Pro-Life Answers to Pro-Assisted Suicide Arguments: Part 2
(In November, Coloradans will be voting on a ballot initiative that would legalize physician-assisted suicide (PAS). In the following article, Catholic journalist Connie Pratt, a member of Holy Trinity Parish, rebuts common arguments and dispels common myths regarding assisted suicide.)
I think assisted suicide is justified because it helps people avoid pain in their final days.
While fear of pain is common, only 31% of dying patients need so much as a painkiller the day before they die. In Oregon, pain is not among the top five reasons for PAS. They are, instead, disability issues. What drives this effort is bias against the physically- or mentally-challenged who need some assistance.

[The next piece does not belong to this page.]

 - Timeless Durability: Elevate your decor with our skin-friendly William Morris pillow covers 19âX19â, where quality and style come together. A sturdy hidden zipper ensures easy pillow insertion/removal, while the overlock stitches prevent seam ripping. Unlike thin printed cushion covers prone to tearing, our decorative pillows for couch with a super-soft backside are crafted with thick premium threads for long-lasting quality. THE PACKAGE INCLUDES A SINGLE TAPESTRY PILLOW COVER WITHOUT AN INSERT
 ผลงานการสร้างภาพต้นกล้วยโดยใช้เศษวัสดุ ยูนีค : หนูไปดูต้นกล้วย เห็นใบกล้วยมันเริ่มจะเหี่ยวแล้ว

Not surprisingly, disability-rights advocates, who routinely face discrimination in health care, are among the strongest opponents of PAS. Like canaries in the coal mine, they see risks the rest of us may miss.

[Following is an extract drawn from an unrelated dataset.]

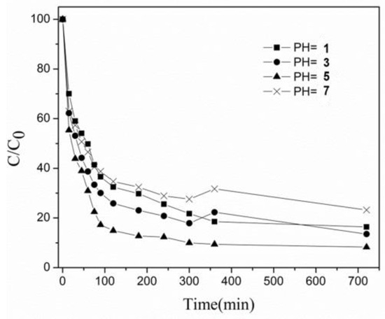 The removal efficiencies of Pb2+ by OSA-LDH at different pH (1, 3, 5, and 7) are shown in Figure 7. With the pH value of the solution increasing from 1.0 to 5.0, the equilibrium adsorption capacity also increased. However, when the pH of the solution was adjusted to 7.0, the adsorption capacity decreased. At a lower pH value, H+ in the solution, which was very high, was in competition with a positive charge of Pb2+. As a result, the adsorption capacity was reduced. In addition, in lower-pH solutions, more hydroxyl groups on the surface of OSA-LDH were protonated, the surface was positively charged, and there was a repulsive force between OSA-LDH and Pb2+, which was not conducive to the adsorption of positively charged Pb2+, resulting in a smaller adsorption capacity. At higher pH values, due to the increased Pb(OH)2 in the solution, and there was little Pb2+; thereby, the adsorption capacity was reduced.

While suicide prevention is obviously needed for those who are depressed or mentally unstable, it’s unnecessary and counterproductive when a doctor determines the patient is competent.
Suicidologists say a patient’s mental illness may not be apparent to those, including doctors, who lack expertise in mental illness. (After all, few suicidal people talk about pink elephants chasing them around the house.) Survey results in the New England Journal of Medicine confirm this: one third of doctors indicated uncertainty about recognizing depression in those who requested a lethal overdose.
The widespread physician failure to detect depression is especially significant among the elderly, whose symptoms (irritability, pervasive disinterest in life, memory lapse, loss of appetite, etc.) are easily dismissed as signs of age. Tragically, some 90% of depressed seniors are not being treated for it.
I think assisted suicide should be allowed for people who’ve made up their minds to die.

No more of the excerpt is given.